The grandparents of 13 hungry and tortured children say their son's family seemed happy and healthy when they visited California for the last time six years ago.

"They were like any ordinary family," said Betty Turpin, the 81-year-old woman. old mother of David Turpin. "And they had such good relationships, I'm not just saying these things, those kids, we were amazed, they were loving, and loving to each other."

Betty Turpin and her husband James Turpin of Princeton, West Virginia visited their son's family for five days at their previous home in Murrieta, California.

Betty Turpin told the Southern California News Group on Wednesday that they are still in shock to learn that their son and wife were arrested. This week, their children, aged 2 to 29, were found malnourished and some with shackles.

David and Louise Turpin, who are on bail of $ 9 million, are expected to make their first court appearance on Thursday and could face charges that include torture and endangering children, authorities said. Prosecutors plan a press conference for earlier in the day.

Betty Turpin said her son told her that she had so many children because God wanted her to. She said her son shared his Pentecostal Christian faith, but that he was not affiliated with a church in California.

"I feel they were model Christians," he said. "It's hard to believe all this … Over the years, the Lord knows what happened."

James Turpin said during his visit, "They all seemed to me well adjusted, they were not skinny or anything, they were happy to see us."

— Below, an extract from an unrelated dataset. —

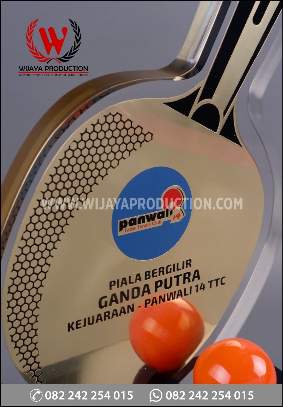 Dalam pembuatan piala bergilir pingpong kejuaraan panwali ini, kami mengedepankan quality control sesuai standar yang kami tetapkan. Mulai dari desain, pemilihan material bahan berkualitas, teknis pengerjaan, perakitan serta proses pengiriman produk agar terjamin aman.

He said they were dealing with social workers to try to communicate with their grandchildren, who are hospitalized while recovering from their long experience of years.

On Wednesday, authorities searched the couple's current home in Perris, 60 miles southeast of Los Angeles, where one of the daughters, a 17-year-old girl, jumped out the window and called 911 on Sunday. The investigators pulled out dozens of boxes, what appeared to be two safety boxes and pieces of a bed frame.

Some brothers were chained to furniture in the four-room malodorous house that seemed perfectly normal from the outside.

The Turpins have lived in two communities in Riverside County since moving to California in 2011, and police said they were never called to either of the two homes or to the reports filed by the child protection services.

It is not clear what motivated the Turpins to live a secluded life with their large offspring or what happened in the house.

It is also not clear why the teenager fled when she did, breaking a silence that probably lasted for years.

Psychiatrists say that even in cases of extreme deprivation, it is common for feelings of helplessness or confusion to remain in place despite opportunities to flee.

"This happens all the time, the number of people who would respond immediately to an opportunity they could leave is very small compared to the number of people who would have this paralysis and insecurity and confusion about what to do," said Dr. Bruce Perry, a psychiatrist and senior member of the ChildTrauma Academy in Houston.

The vulnerable girl could have been embarrassed, beaten or threatened with violence and only after many missed opportunities did she probably have the courage to act, Perry said.

"It's pretty remarkable that she did that," he said. "The power that must have been exercised to keep such a family together for so long must have been quite sophisticated."

The writers of The Associated Press Emily Schmall in Rio Vista, Texas, and Andrew Dalton in Los Angeles contributed to this report.